Bab 2. Pertemuan
Venny melangkahkan kakinya untuk masuk ke dalam restoran berbintang yang terkenal di kota Los Angeles. Ia benar-benar tampil cantik malam ini karena berharap bahwa ibu mertuanya itu membawa anaknya yang tampan. Matanya melirik sekitar sebelum seorang pelayan menegurnya ramah, “Selamat malam, dengan Nona Venny?”
Dahinya berkerut tak lama, lantas mengangguk. “Ya, saya sendiri.”
Pelayan laki-laki bername tag Zack tersenyum simpul. “Mari ikuti saya, Nona. Tuan Henderson sudah menunggu anda di dalam.”
“Tuan Henderson?” tanyanya refleks sebelum ponselnya bergetar menandakan pesan masuk dari orang yang sudah ia anggap sebagai ibu mertuanya.
Mom in Law
Sayang, Bibi tidak bisa hadir malam ini. Sebagai gantinya, Bibi meminta putera Bibi mewakili. Sekali lagi maaf, Sayang.
Benarkah?
Benarkah bahwa Bibi Eliza tidak memenuhi janjinya dan digantikan oleh puteranya? Matanya segera melirik ke arah pelayan laki-laki yang berjalan di depannya. Apakah ini yang dimaksud olehnya tentang Tuan Henderson?
Mata Venny langsung membelalak lebar menyadari bahwa apa yang dikatakannya kepada Alea siang tadi adalah sebuah kenyataan. Kenyataan bahwa sebentar lagi ia akan menjadi menantu keluarga Henderson.
Oh, God!
Keinginannya terpenuhi dengan begitu cepat. Dan Venny hanya bisa berharap bahwa ini bukanlah mimpi semata.

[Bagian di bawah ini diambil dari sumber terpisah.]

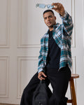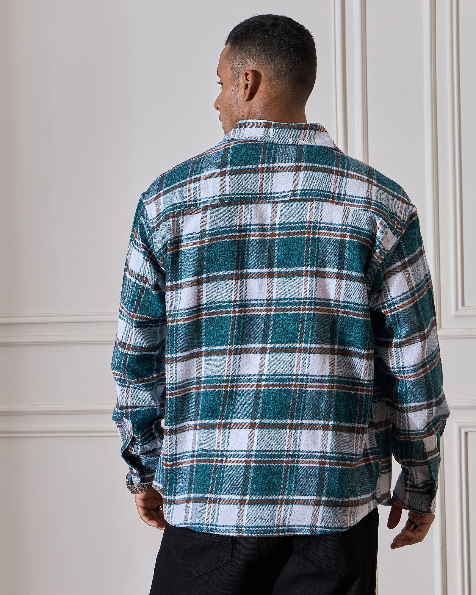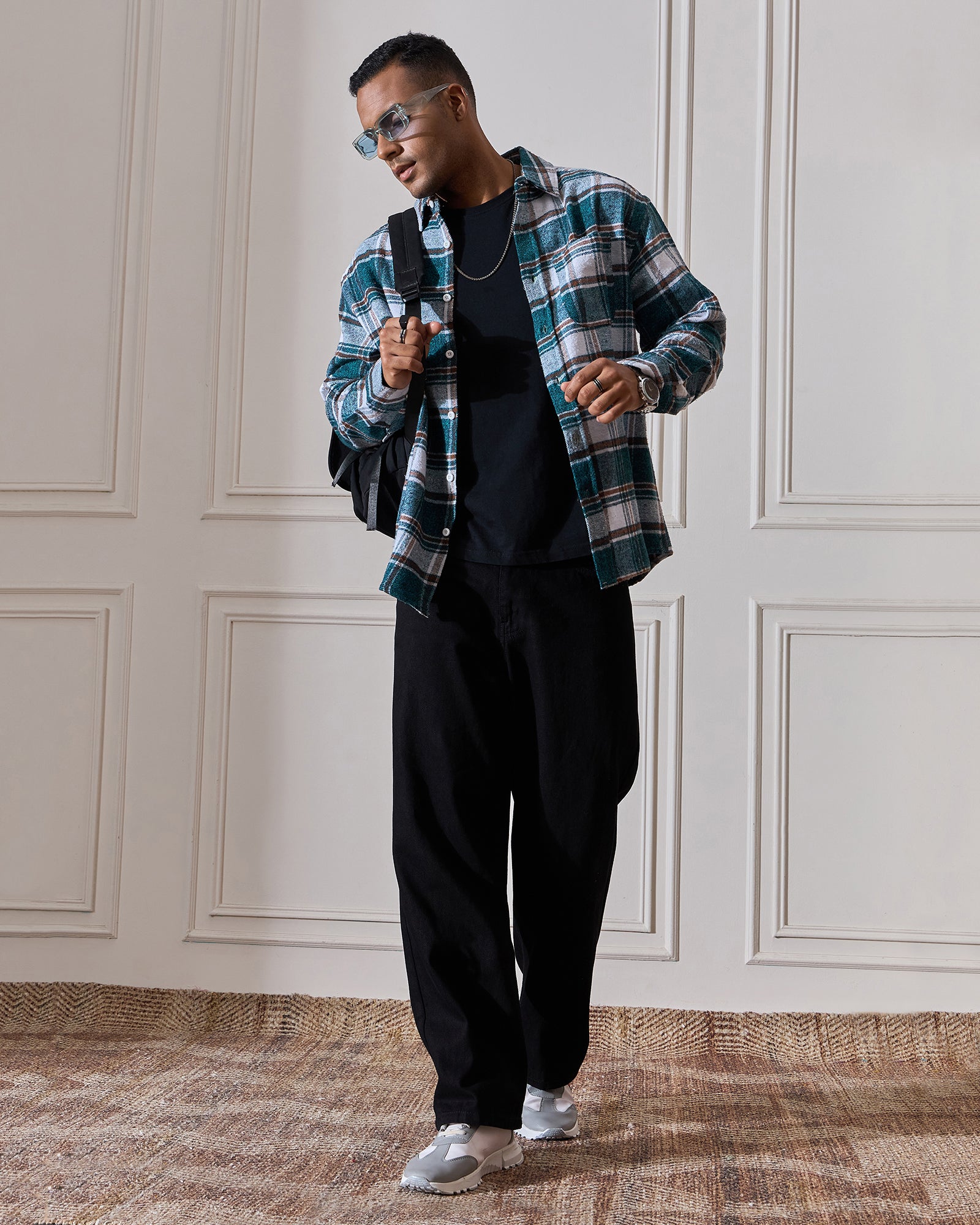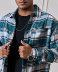 Chimpaaanzee Men Skyblue & White Oversized Fit Shirt
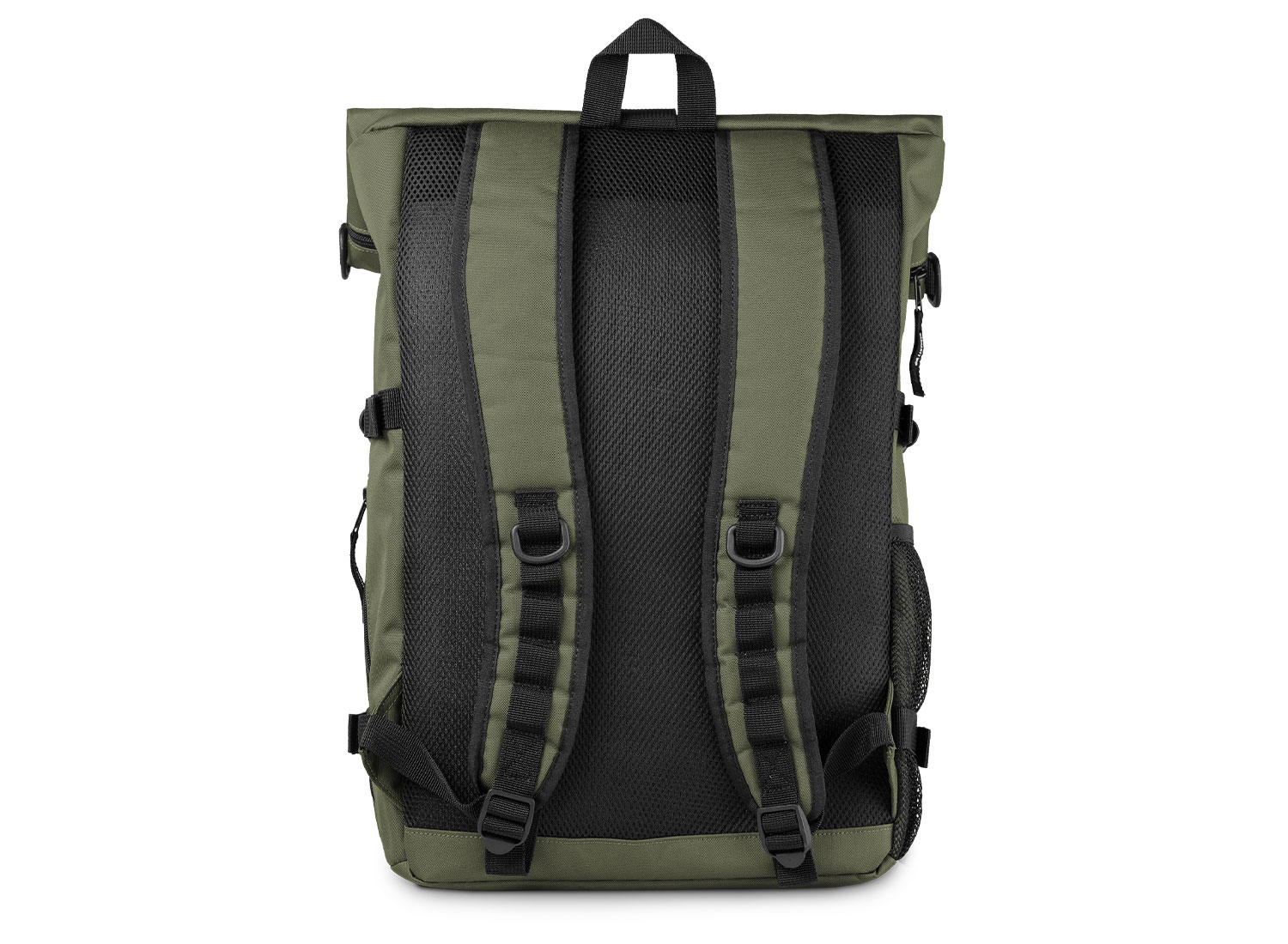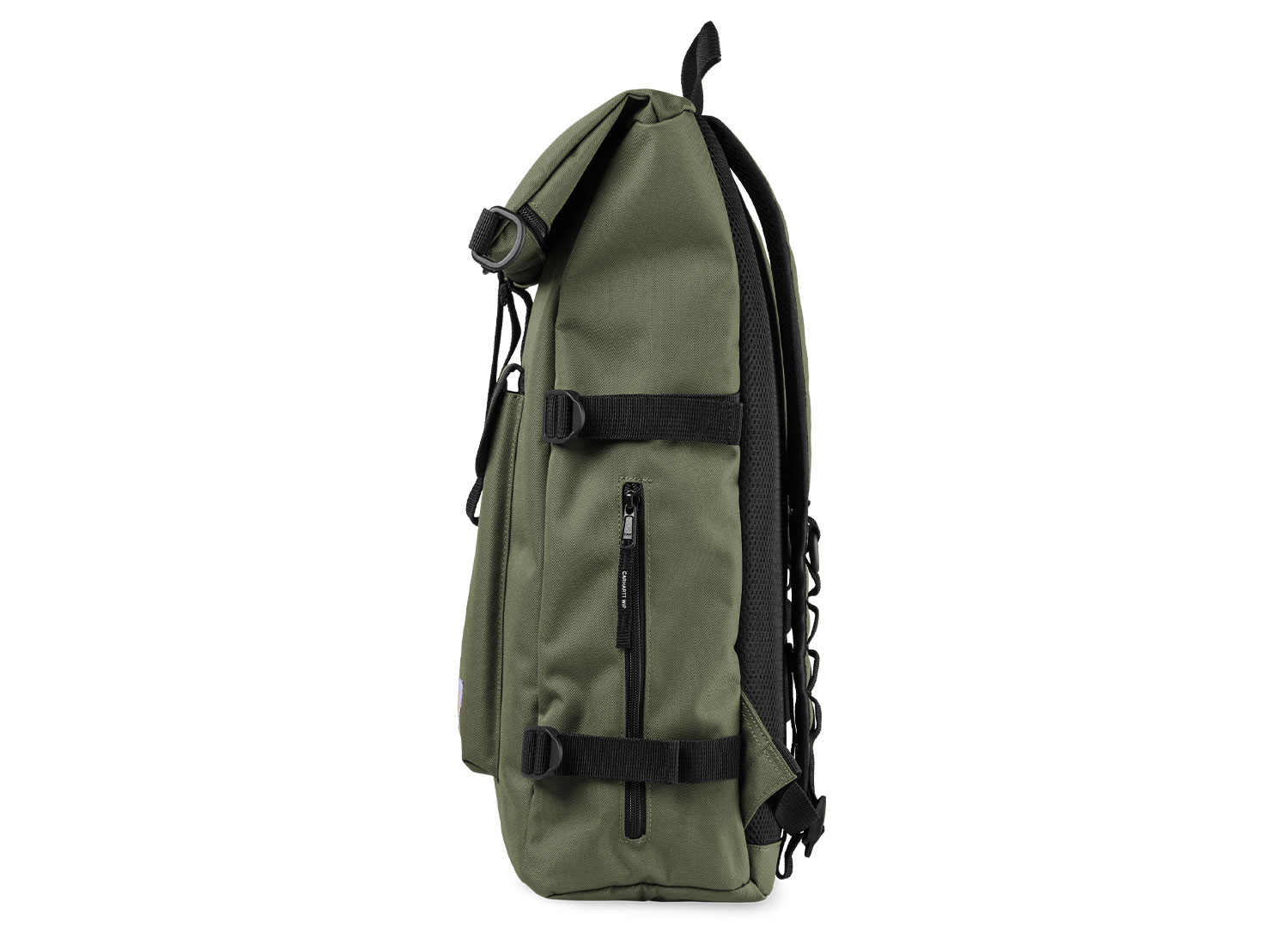 CARHARTT WIP Philis Backpack Leaf I031575. 100% recycled polyester canvas backpack, 11.25 oz. 50 x 33 x 13 cm. 21.5 liters. Water-repellent fabric. Unlined. Adjustable shoulder straps. Front flap pocket with inset zip pocket on left. Interior padded laptop pocket (max. 15"). Square label.

“Nona, Tuan Henderson ada di dalam. Silakan masuk,” tuturnya ramah sambil membuka pintu kaca itu dengan lebar. Membiarkan Venny masuk dengan sendirinya.
Langkah kecilnya menjadi tak terkendali saat ia menatap satu sosok yang duduk dengan santai sambil melirik jam tangannya beberapa kali. Jantungnya berdetak menjadi tak karuan ketika tanpa sadar ia nyaris sampai ke meja dan kursi yang sudah diatur sedemikian rupa.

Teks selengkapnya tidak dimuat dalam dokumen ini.